TSAT-1A
- Operator: TASL
- Mission duration: 5 years (planned)

Spacecraft properties
- Manufacturer: TASL, Satellogic
- Launch mass: 50kg

Start of mission
- Launch date: 7 April 2024 23:16 GMT
- Rocket: Falcon 9
- Launch site: LC-39A Kennedy Space Center
- Contractor: SpaceX

= TSAT-1A =

Commercial Earth observation satellite owned by TSAL

TSAT-1A is an sub-metre resolution earth observation satellite built by TATA Advanced Systems Limited in collaboration with Satellogic. It was launched on the SpaceX Falcon 9 Bandwagon-1 mission on April 7, 2024 from the Kennedy Space Center in Florida. It is India's first military-grade geospatial satellite built entirely by the private sector.

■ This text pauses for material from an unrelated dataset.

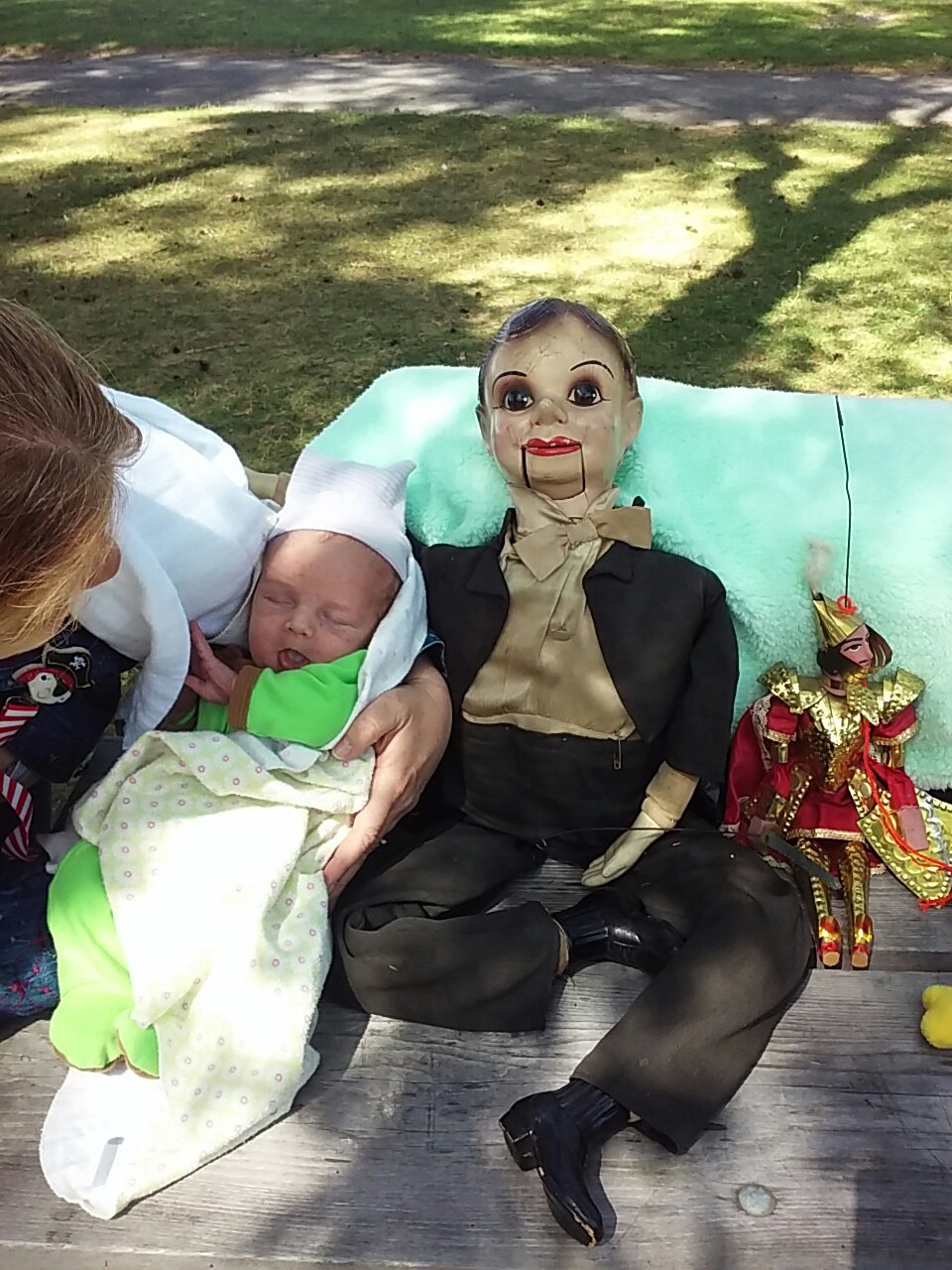 Kieran takes his lunch with Charlie McCarthy and some other puppets at the Guild picnic

In November 2023, TASL and Satellogic formed a partnership to develop and integrate an advanced earth observation satellite. TSAT-1A is a sub-meter resolution Earth observation satellite that orbits in low-earth orbit. It will provide military-grade imagery with a resolution of less than one meter per pixel.The satellite is equipped with a multispectral camera and edge processing capabilities. The satellite was built under Technology Transfer with Satellogic providing initial components, with which TASL built the satellite at its Vemagal facility in Karnataka.

TSAT-1A caters primarily to the government and armed forces, offering high-resolution military-grade imagery. The company also targets commercial customers. TASL intends to produce up to 25 low earth orbit satellites annually.